The guy needed his pound of flesh. He deserved it. “Yes.”
Straight-faced, Frank nodded. “I hoped so. Because I’m certain he’s in love with you.”
“Not anymore.”
“Now more than ever.”
“He hasn’t called. Or come by. Or…”
“Forgive me for saying so, but Caleb is a bit of a putz when it comes to the opposite sex.”
“Frank, really, I’m sure he wouldn’t want you doing this.”
“I’m certain you’re right, but my son’s a putz in large part because of me. He’s sacrificed twenty-five years of his life already, surely you don’t want to see him waste any more time?”
“Of course not.”
“Well, then, you can understand that neither do I. After all that Cal has done for me, I have to do this for him. And if he hates me for it—” Frank threw up his hands “—so be it. I can live with that. I can’t live with the knowledge that he’s so unhappy.”
“Cal’s unhappy?”
“He might not know it, he might think he wants to move to Louisiana, but he doesn’t. He wants to move in with you.”
Tingles ran through her body, and then came to an abrupt halt. Frank couldn’t possibly know whether or not Cal wanted to live with her. That just wasn’t something he’d discuss with his father—or anyone.
“Cal’s mother died when he was too young to remember her. I never introduced him to another woman until I asked Rose Sanderson to marry me. She adored Cal. And he adored her, too. She was the only woman he’d ever known and she treated my son as though he was as much her biological child as Claire and Emma were.”
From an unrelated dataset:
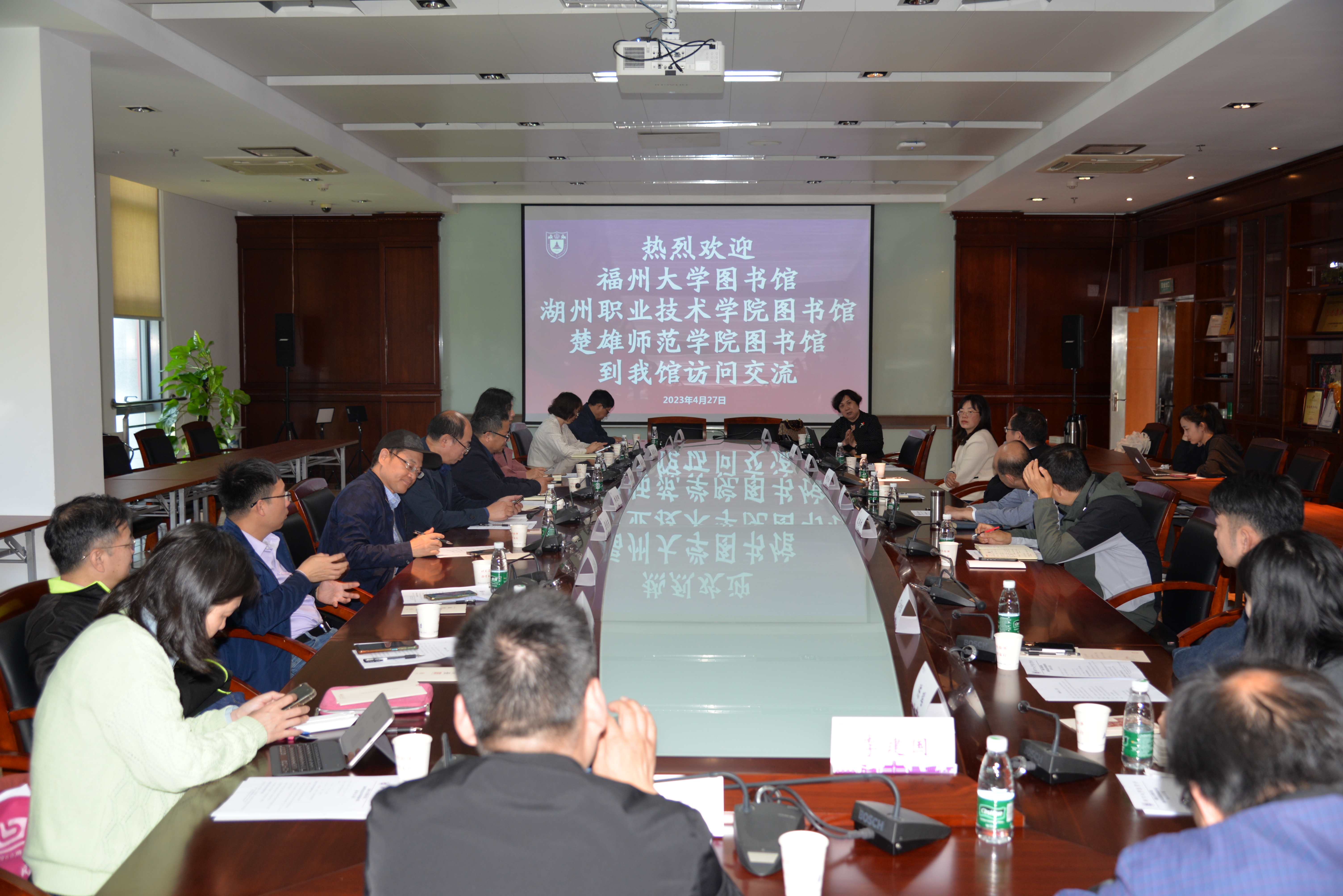 2023年4月27日,楚雄师范学院图书馆馆长周明武一行3人、福州大学图书馆副馆长林熙阳一行5人及湖州职业技术学院、湖州学院、湖州师范学院等图书馆馆长嵇美华一行7人来南京大学图书馆调研交流。南京大学图书馆馆长黄贤金、副书记、副馆长罗钧、办公室主任陈宏、系统保障部主任沈奎林、读者服务部主任张薇参加。

“Emma? Oh, yes. Claire’s sister.”
“Yes. She was two years older than Claire. Four, the last time we saw her. Twenty-nine now. Cal tells me that he heard from Ramsey Miller that Emma is still living in Comfort Cove. Rose is, too. But I’m getting off topic here. After Claire disappeared and Cal said he’d seen her in my car and then they found her teddy bear there, Rose went a little crazy. She said some pretty bad things. And she threw us out. Cal could have forgiven her, I think, for turning on me. But he never understood how she could reject him so completely. I didn’t help him to understand. At the time, I was too busy trying to figure out how to stay out of jail and make enough money to raise him. I was scared and heartbroken and grieving for Claire, and Cal somehow learned not only how to handle rejection, but to expect it. First his biological mother left him. And then Rose rejected him.”
“But once he got older, started dating…I don’t know a woman alive that would reject Cal now,” Morgan said, and felt her cheeks get warm.
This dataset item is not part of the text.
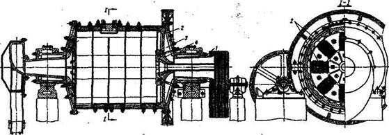 конического днища 1 с углом у вершины около 120° и полой цапфы 2 для загрузи породы, цилиндрической части 3 длиной 0,25—0,8 диаметра, конической части 4 углом у вершины в 60° и с разгрузочной полой цапфой 6.

Frank’s chuckle intrigued her. “You’re wrong about that one. He’s had at least a dozen relationships that I’m aware of over the past fifteen years. He knows how to charm them, but he gives nothing of himself. No heart.”
Cal had told her almost the same thing that last night he’d been at her house. The night they’d decided they were a couple. One that would start seeing each other after the semester ended.
And the custody battle was over.
“My son has never given a woman anything to hold on to. And every single one of the women he’s dated, being human, eventually breaks off with him.”
“He never breaks it off?”
“Never. Except maybe that woman he was seeing about the same time you started coming around.”
Kelsey.
“And he never, to my knowledge, has tried to make things better, either. He expects rejection. He gets it. And he moves on.”
He’d said Cal was moving to Louisiana.
That last day in his office replayed itself in her mind. The file she’d thrown at his feet. Her refusal to look at him. Or listen to him.
She’d just come from her father and…
“When Cal and I were at the police station, being questioned, he let it be known that he’d done research for that book he wrote in part to find out if there were any other unsolved abductions to which I could possibly be connected.”
She turned sharply, staring at him. “He told you he doubted you?”